One of my readers and a fellow history buff told me that sweet oranges came from China. I haven’t had the energy to research it yet, mostly because I trust her. But I can’t help but suddenly feel like my class titled Age of Exploration & Colonization of the Americas had some issues. Which is the class that taught me sweet oranges were a New World commodity.
It also surprises me a bit when I learn that my college professors were handing out incorrect information. I’m not sure why that’s the case. We’re only as good as the resources available to us and professors can get hold of incorrect information just like anyone else.
She cracked a joke about Wikipedia and all I could think was I hope that in 2006, my professors weren’t getting their lecture content from Wikipedia. I don’t consider Wikipedia a reliable source of information, occasionally referencing it only after I’ve verified the validity of the information in an article.
At some point, I realize I will have to do my own research and verify the items I consider New World commodities are indeed New World commodities. I know pineapples were native to South America, but I’m now wondering if tobacco and cotton couldn’t also be imports from Asia and simply attributed to the New World because we built huge agricultural empires around them.
For some years, I had a list from the class of New World Commodities.

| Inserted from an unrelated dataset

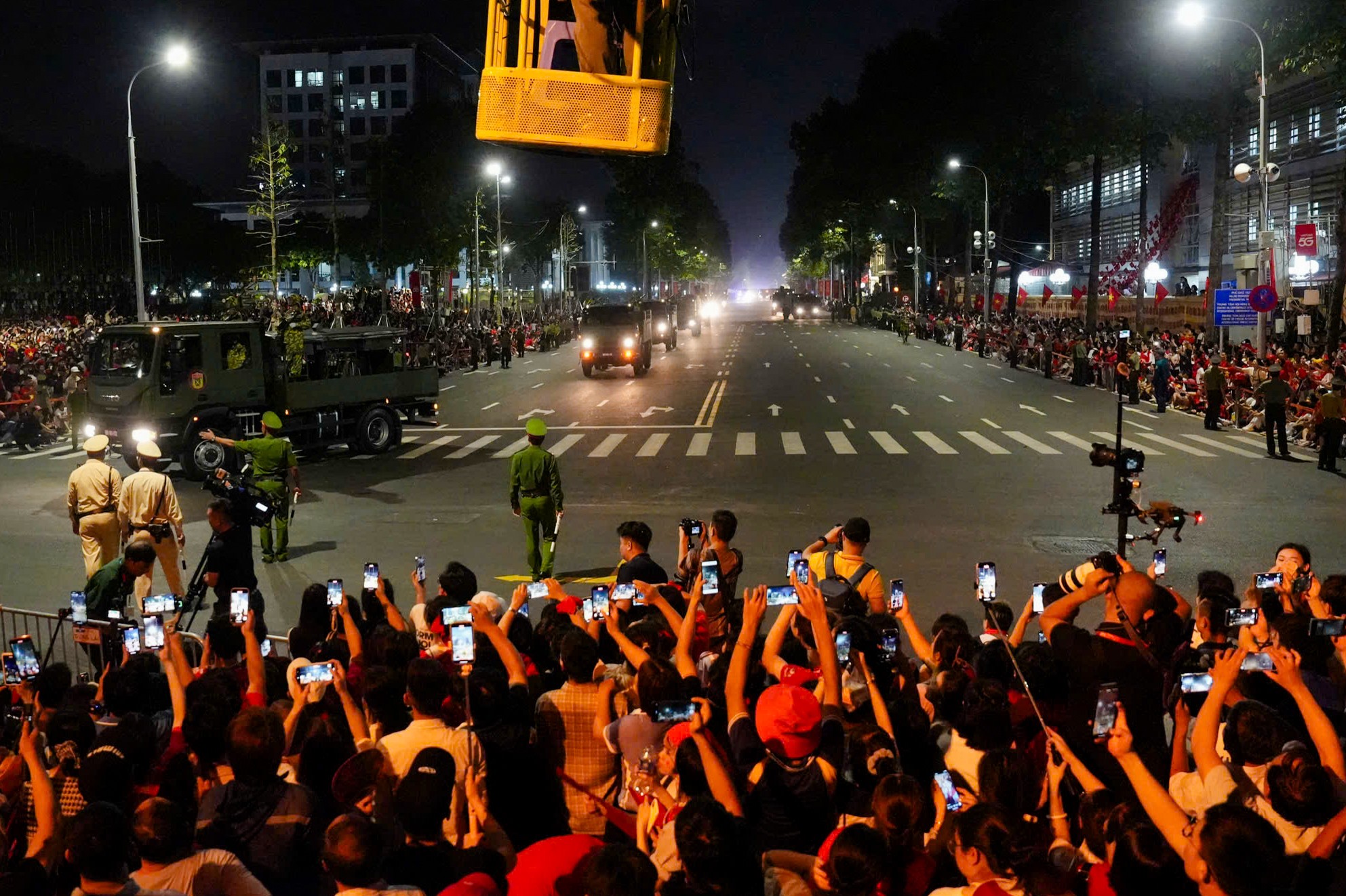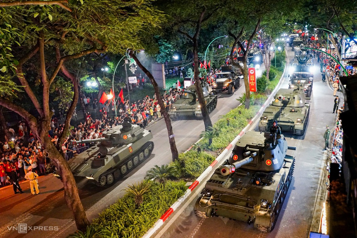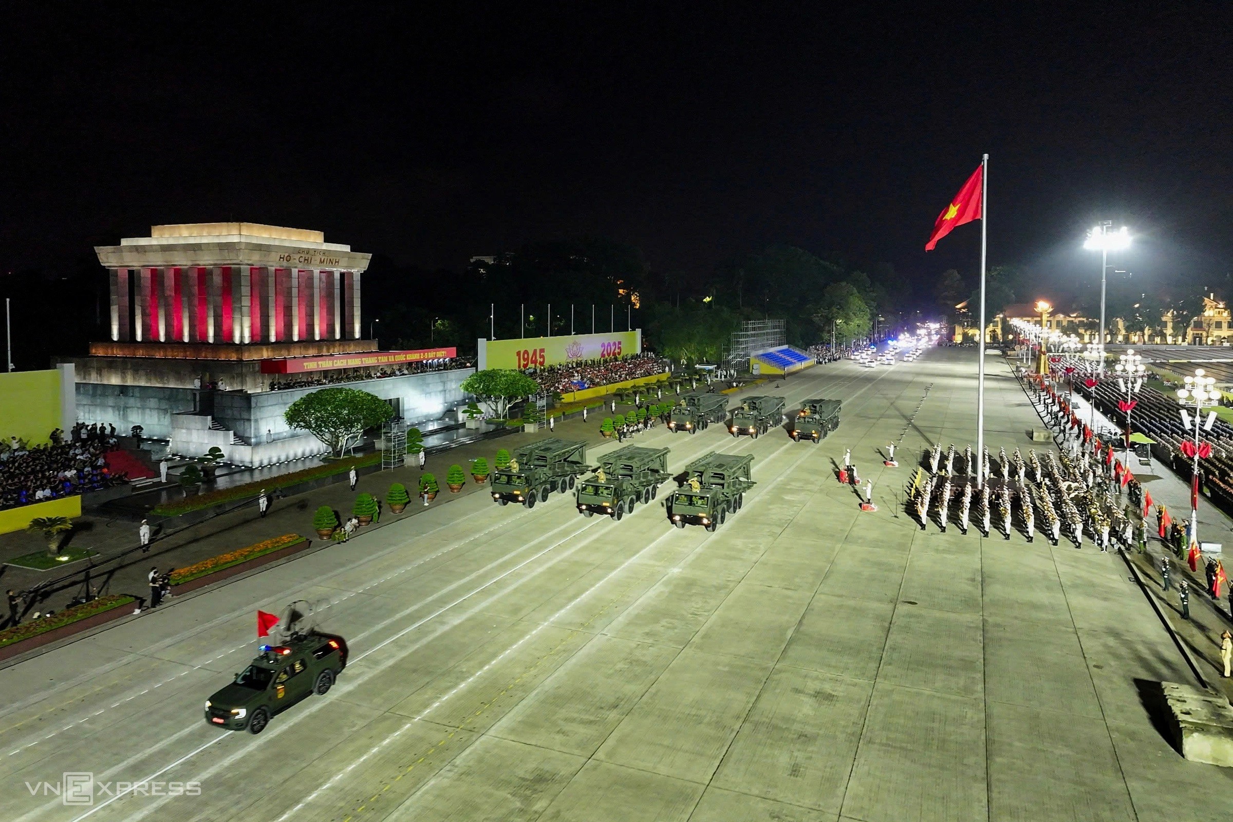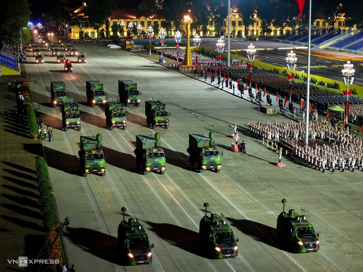 Buổi hợp luyện bắt đầu lúc 20h với hơn 16.300 quân nhân từ 43 khối đứng, 18 khối đi, 6 khối xe pháo quân sự của Quân đội, 8 khối xe đặc chủng Công an cùng lực lượng quân đội Nga, Lào, Campuchia. Dự buổi hợp luyện có Đại tướng Phan Văn Giang, Bộ trưởng Quốc phòng; Đại tướng Nguyễn Tân Cương, Tổng tham mưu trưởng QĐND Việt Nam; cùng lãnh đạo Bộ Quốc phòng, Bộ Công an, Ban Tuyên giáo và Ban Dân vận Trung ương. Trong ảnh là dàn xe chở khí tài quân sự diễu hành qua lễ đài. Ảnh: Tuấn Huy

It was fairly long, I remember, more than a page, but I only remember about a half dozen items from it; Sweet oranges, tobacco, pineapples, pomegranates, cotton, cocoa, potatoes, and maize. Now, I can be certain on potatoes, cocoa, and maize, as these three products figured prominently in the economies of several pre-Columbian civilizations. And frankly, it would be hard for the Aztecs to use cocoa beans as currency if it wasn’t native. Same with Incas and the potato.